The South Iceland Seismic Zone (SISZ) is characterized by a complex "bookshelf" fault system composed of multiple short, parallel, North-South oriented right-lateral and near-vertical strike-slip faults assisting crustal block rotation to accommodate the overall East-West sinistral transform motion. The tectonic strain release across the entire zone is known to occur with 130–140 years intervals, in sequences of moderate earthquakes, up to Mw7. The most recent earthquakes occurred in 2000 and 2008 and reached magnitudes Mw6.3-6.5. Despite its importance for mitigating regional seismic hazards, the seismic cycle in the SISZ remains poorly understood.
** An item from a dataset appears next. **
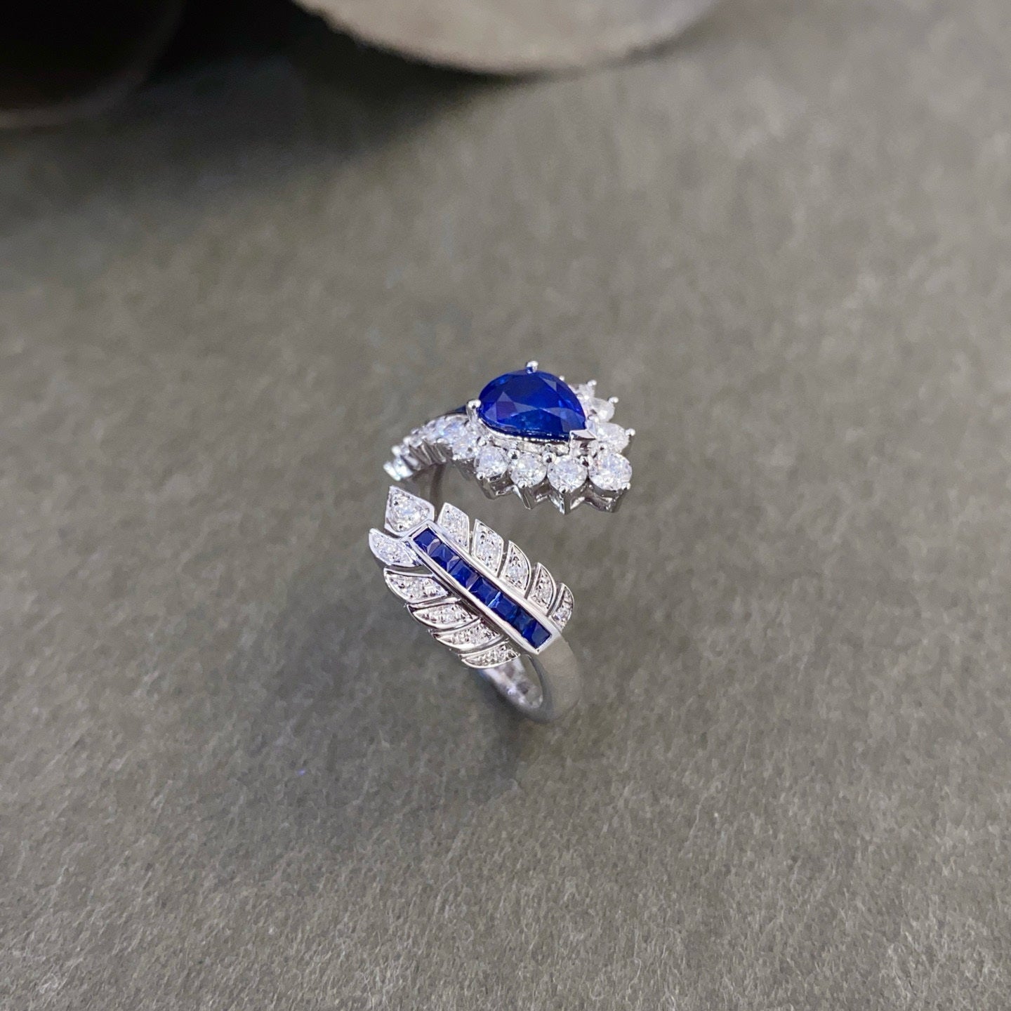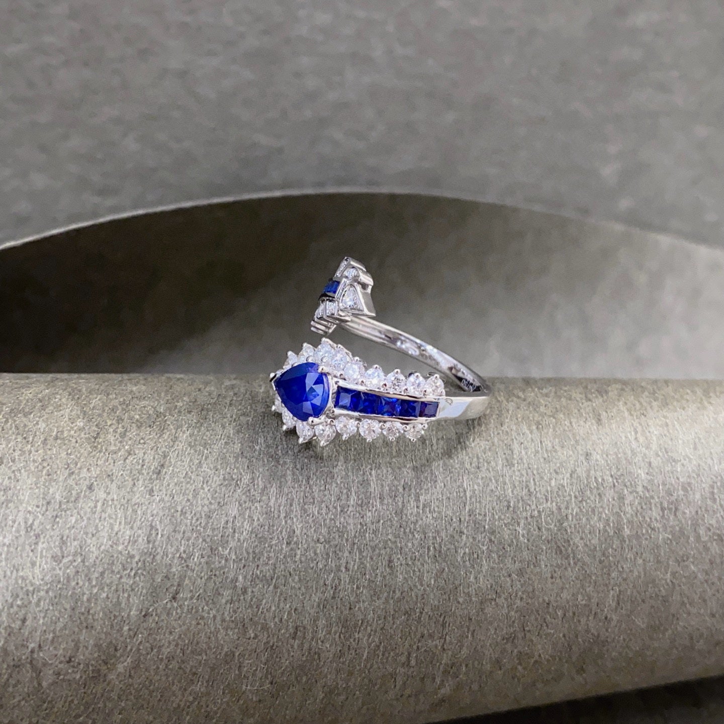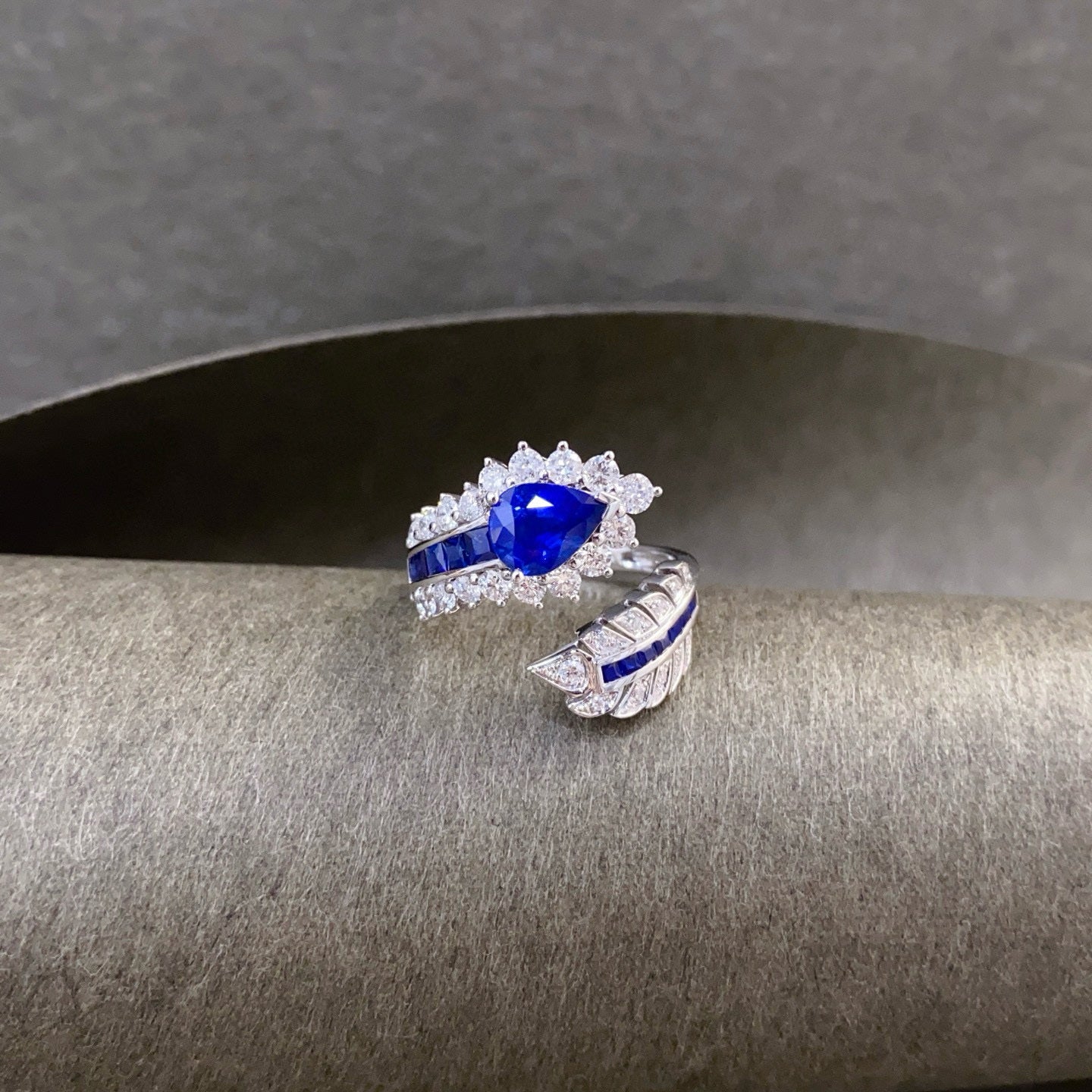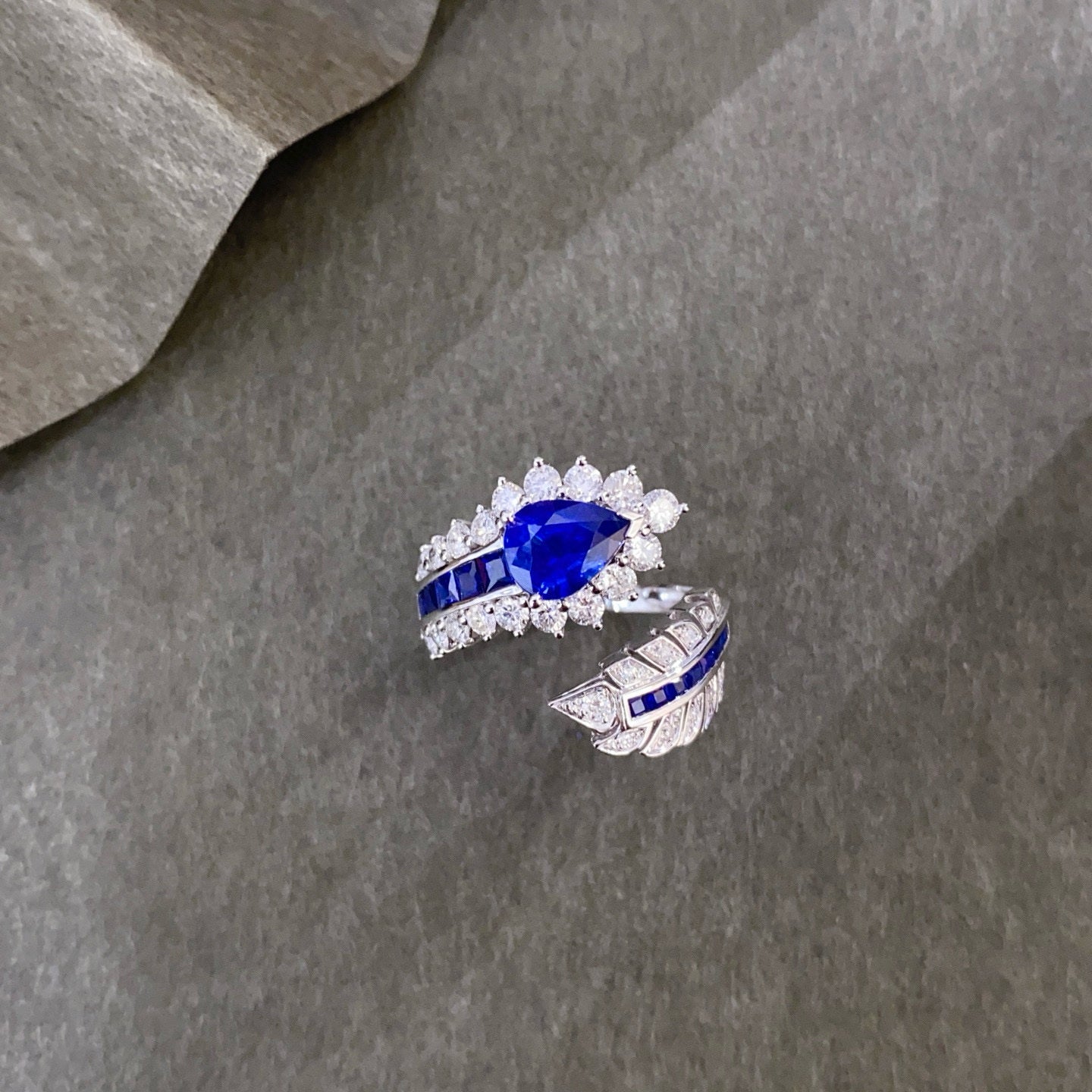 Ref:231023201 // Gold Content:14K Gold // Ring Size:7.25US // // Main Gemstone:Sapphire // Shape:Pear // Carat Weight:1.44ct // Color:Blue // Treatment:Natural // // Adjacent Gemstone 2 : Diamond // Shape:Round // Carat Weight:0.86ct // Clarity Grade:VS-SI // Color:H // Treatment:Natural // Cut Grade:G // // Adjacent Gemstone 3 : Sapphire // Shape:Princess // Carat Weight:0.59ct // Color:Blue // Treatment:Natural //

Thus, we develop a rate-and-state friction-based sequences of earthquakes and aseismic slip (SEAS) model to investigate the long-term seismic behavior of the SISZ.

We utilize the open-source code TANDEM (https://github.com/TEAR-ERC/tandem), a discontinuous Galerkin volumetric solver, and perform 2D simulations on the supercomputer ELJA, operated by the Icelandic High-Performance Computing Centre. Quasi-dynamic simulations with rate-and-state friction are applied to single planar fault models with antiplane shear motion in a homogeneous, isotropic, linear elastic half-space. We model two separate faults within the “bookshelf fault system,” representing the east-western regions of the transform zone. The primary focus of our 2D models is to reproduce the recurrence pattern of the seismic cycle, including hypocentral depth, fault slip, and approximate magnitudes. To configure reliable simulation parameters, we explore diverse models with varying rate-and-state frictional properties, effective normal stresses, and critical slip distances as well as other crucial factors.
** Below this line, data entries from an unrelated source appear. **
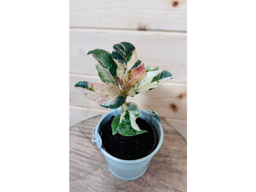Ficus elastica ‘Moonshine’ je moderní a elegantní odrůda gumovníku, která zaujme svými velkými, pevnými listy ve světle zelených až stříbřitých tónech. Nové listy mají jemně světlý, téměř matný nádech, díky kterému rostlina působí čistě, minimalisticky a velmi stylově. Je ideální volbou do moderních interiérů i kanceláří.
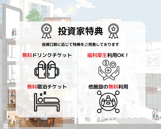 法人・個人いずれも投資可能で、金銭的なリターンに加え、宿泊無料チケットや飲食無料チケット券など法人にとっては福利厚生としても使用できる仕組みになっています。これにより、投資参画から関係人口につなげることで、これまで以上に地域社会に貢献し、空き家問題の解決に積極的に取り組んでいきたいと考えております。
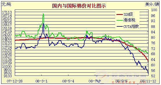 08年8月29日-08年11月12日國內(nèi)外棉價(jià)對比圖表
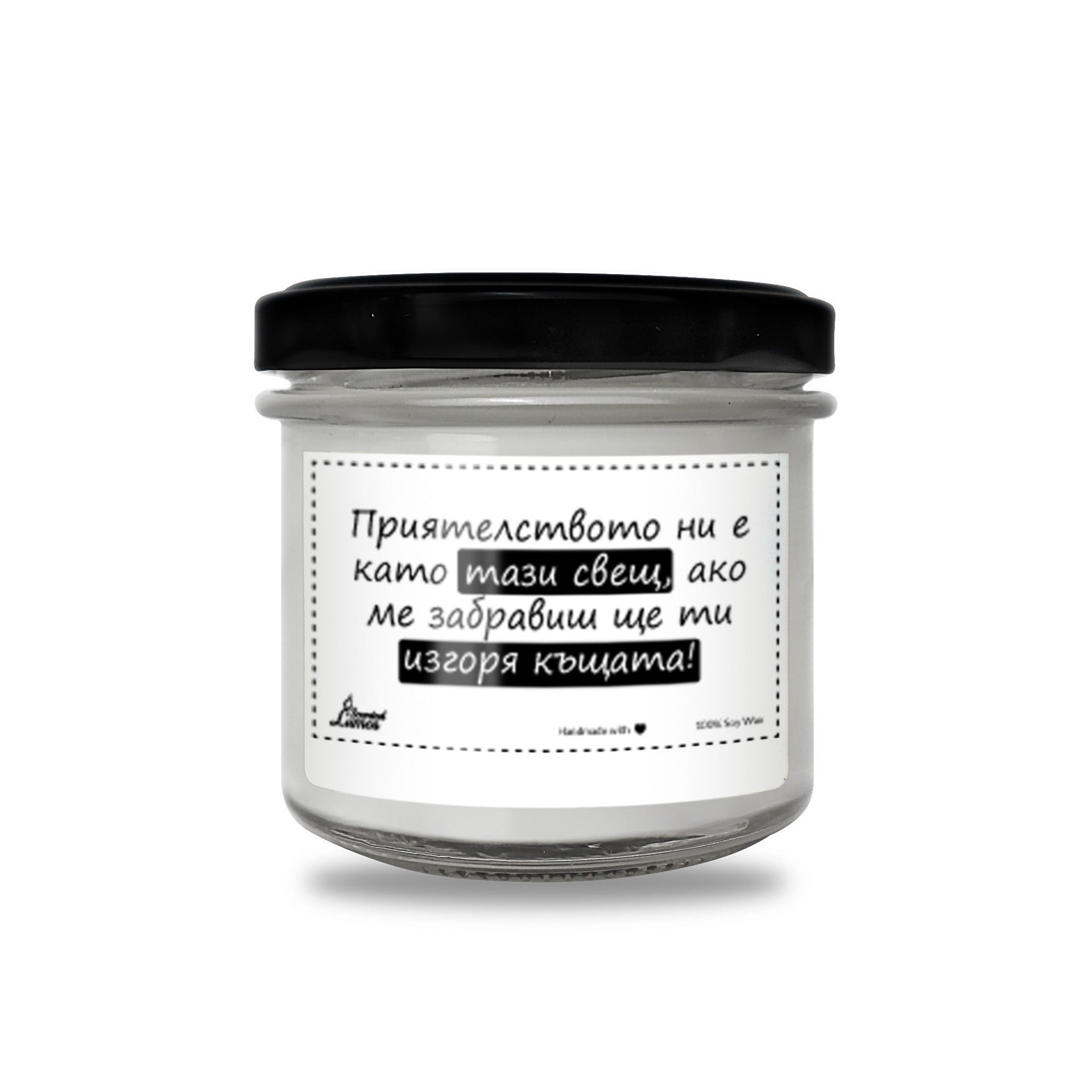 Уникален подарък за Приятели със стилен дизайн: Приятелството ни е като тази свещ, ако ме забравиш ще ти изгоря къщата Ароматна Соева Свещ - Подарете с любов за всеки повод, Коледа, Рожден Ден, Имен Ден, 8-ми март, годишнина или друг специален повод

Preliminary results indicate recurrence intervals for SISZ earthquakes ranging from 104 to 130 years across the transform zone's western and eastern sections, which agrees well with the observational data. Incorporating varying seismogenic depths in separate models-12 km in the west and 15 km in the east-improves our hypocentral depth predictions. Our study demonstrates the effectiveness of using seismic cycle simulations empowered by high-performance computing with TANDEM, even with a simplified single fault model, to elucidate the seismic processes of the SISZ. The model adequately captures some key characteristics of the seismic cycle of the SISZ, highlighting its potential to inform future seismic hazard assessments in Iceland within the larger scope of the ChEESE-2P project (https://cheese2.eu/).